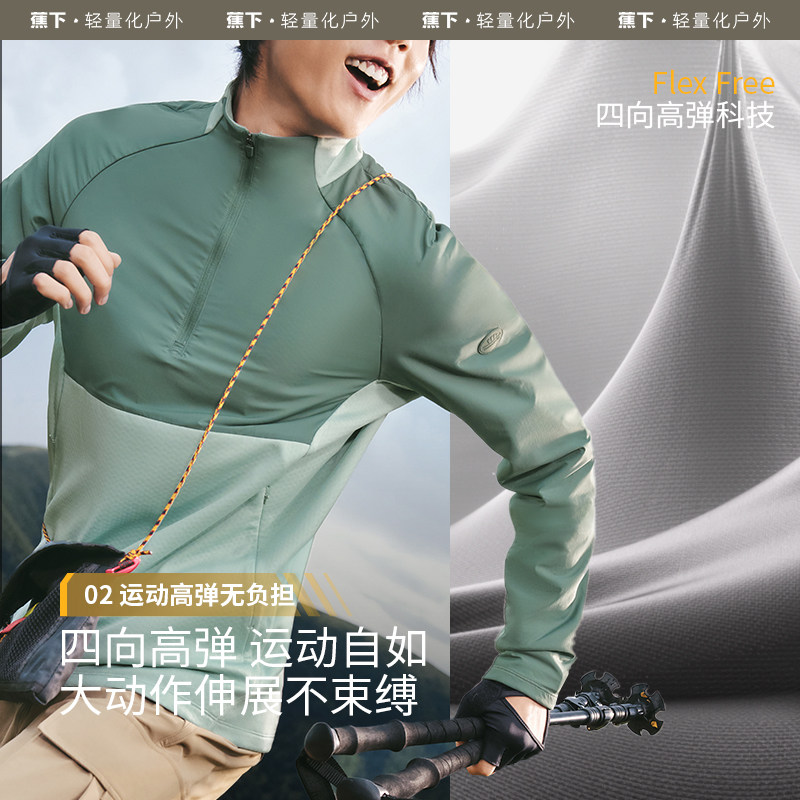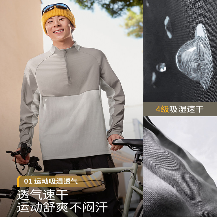 蕉下男士半拉链防风长袖T恤WP94024秋季保暖打底衫排汗透气上衣
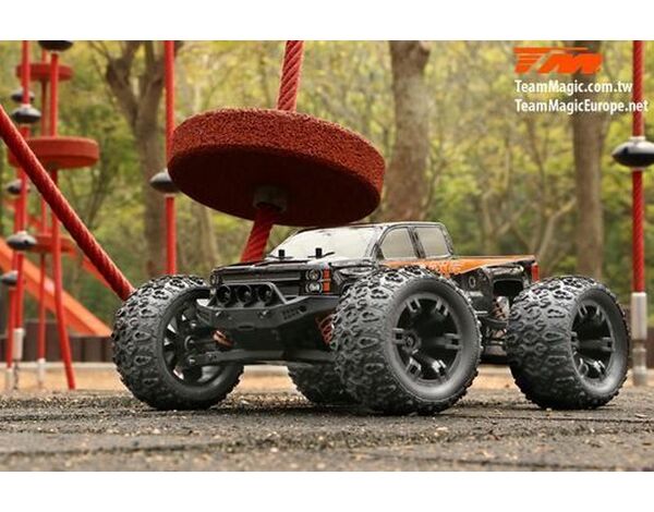 Der E5 ist der derzeit schnellste und stärkste 1:10 Monster Truck auf dem Markt. Der vordere Rammer ist mit drei weissen und zwei roten hellen LED's ausgestattet. Der Team Magic E5 beinhaltet eine schön geformte Pickup Monster Truck Karrosserie aus widerstandsfähigem Polycarbonate-Lexan um die innenliegenden Komponenten zu schützen.
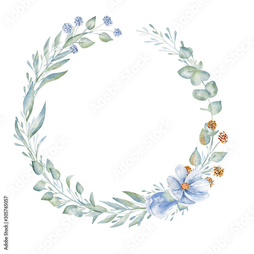 © tanialerro, Fototapeta premium Empty hand drawn floral wreath frame watercolor illustration
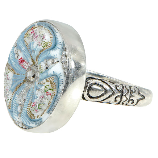 Sky Blue Czech Glass Button Ring by Eliabeth NgoAntique glass buttonSet in sterling silverSize 9
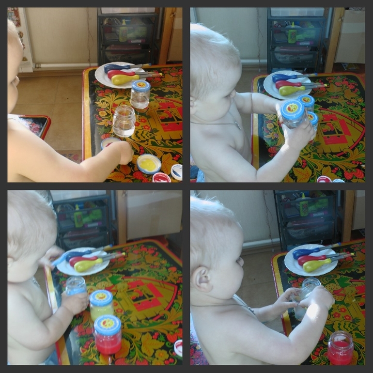 Дома проделали опыт. Намазали краской крышки из под банок. Перемешали. Посмотрели что получилось. Стали смешивать все цвета в отдельной банке.
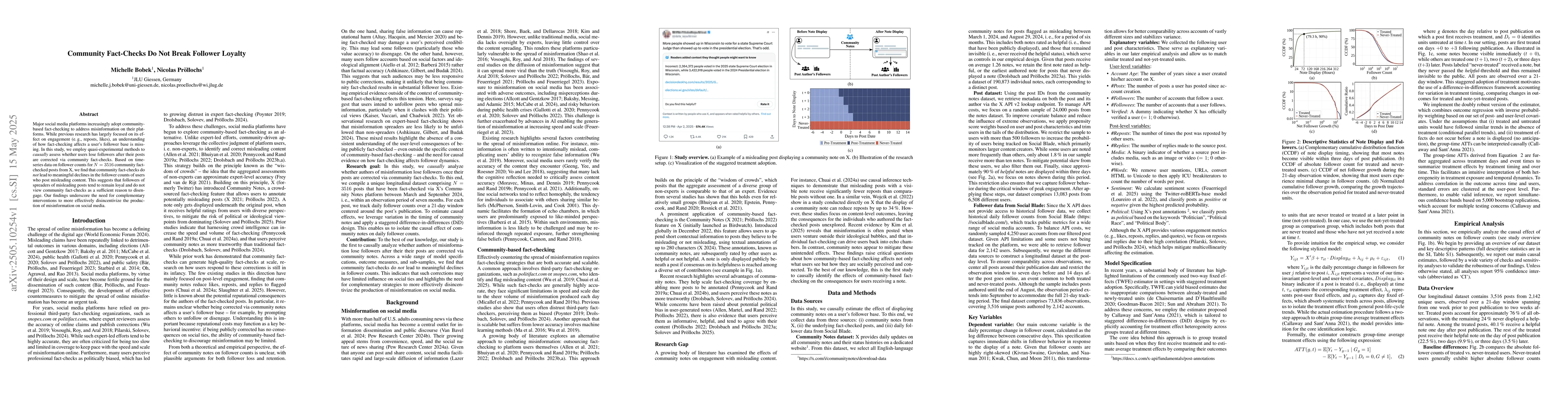 The study uses quasi-experimental methods and time-series data on follower counts for N=3516 community fact-checked posts to assess the impact of community fact-checks on user follower base.

» **EXERCISE AIM**
Output the listing unchanged, pictures excluded.

» **ANSWER BOX**
 蕉下男士半拉链防风长袖T恤WP94024秋季保暖打底衫排汗透气上衣
 Der E5 ist der derzeit schnellste und stärkste 1:10 Monster Truck auf dem Markt. Der vordere Rammer ist mit drei weissen und zwei roten hellen LED's ausgestattet. Der Team Magic E5 beinhaltet eine schön geformte Pickup Monster Truck Karrosserie aus widerstandsfähigem Polycarbonate-Lexan um die innenliegenden Komponenten zu schützen.
 © tanialerro, Fototapeta premium Empty hand drawn floral wreath frame watercolor illustration
 Sky Blue Czech Glass Button Ring by Eliabeth NgoAntique glass buttonSet in sterling silverSize 9
 Дома проделали опыт. Намазали краской крышки из под банок. Перемешали. Посмотрели что получилось. Стали смешивать все цвета в отдельной банке.
 The study uses quasi-experimental methods and time-series data on follower counts for N=3516 community fact-checked posts to assess the impact of community fact-checks on user follower base.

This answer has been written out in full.